Auf welcher Grundlage das BMG das Sinken der Nichtversichertenzahlen errechnet, wird aus der Mitteilung nicht klar. Die Erhebung des Statistischen Bundesamtes jedenfalls - so dessen Pressemitteilung - nennt hier nur die Zahlen aus dem ersten Quartal 2007 sowie Zahlen früherer Jahre. Demnach hatten Anfang 2007 rund 211.000 Menschen keinen Krankenversicherungsschutz.

--- Ab hier ergänzt am 18.2.08 ---

Nachrecherchiert und etwas anders berechnet hat die Zahlen die Welt. In einem Artikel vom 13. Februar stellt die Zeitung fest: "Die privaten Krankenversicherungen berichten, bei ihnen hätten sich 3300 bisher Unversicherte gemeldet.

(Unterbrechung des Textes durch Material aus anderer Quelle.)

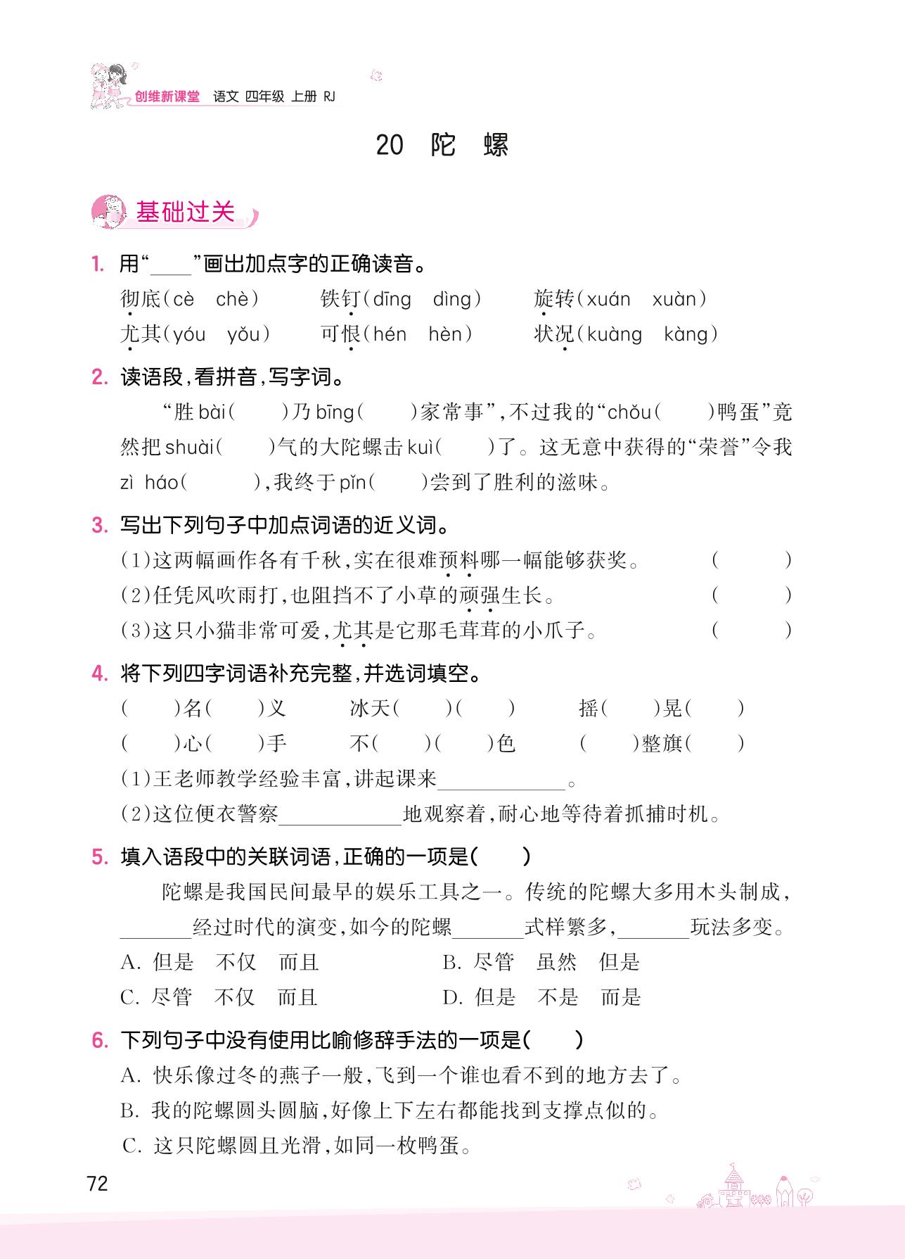 2022上册四年级语文人教版 第六单元——20 陀螺
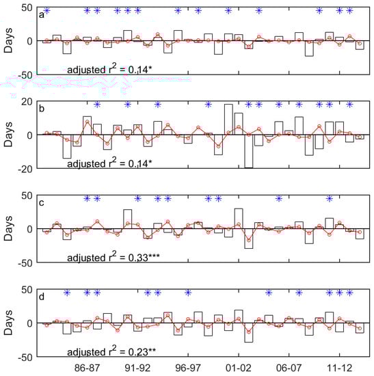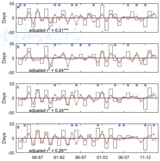 The year-to-year variability of SOG (unfilled bars) and the drought-induced shifts in SOG (red lines marked with red circles) for Moist Mixed Grassland (a); Fescue Grassland (b); Mixed Grassland (c); and Cypress Upland (d). * indicates that the signs of the drought-induced year-to-year variability of SOG and the whole year-to-year variability of SOG are different. * indicates p < 0.05, ** indicates p < 0.01, and *** indicates p < 0.001.

Dies seien vor allem Ältere." Gesundheitsministerin Schmidt habe zu der Differenz mitgeteilt, dass rund die Hälfte der ehemals Nichtversicherten durch die Aufnahme einer Beschäftigung wieder in einer Krankenkasse gelandet seien. - Die Zahl von 100.000 klingt da (bei aller Sympathie für das Grundanliegen) schon ein wenig nach Taschenspieler-Trick der Ministeriums-Pressestelle.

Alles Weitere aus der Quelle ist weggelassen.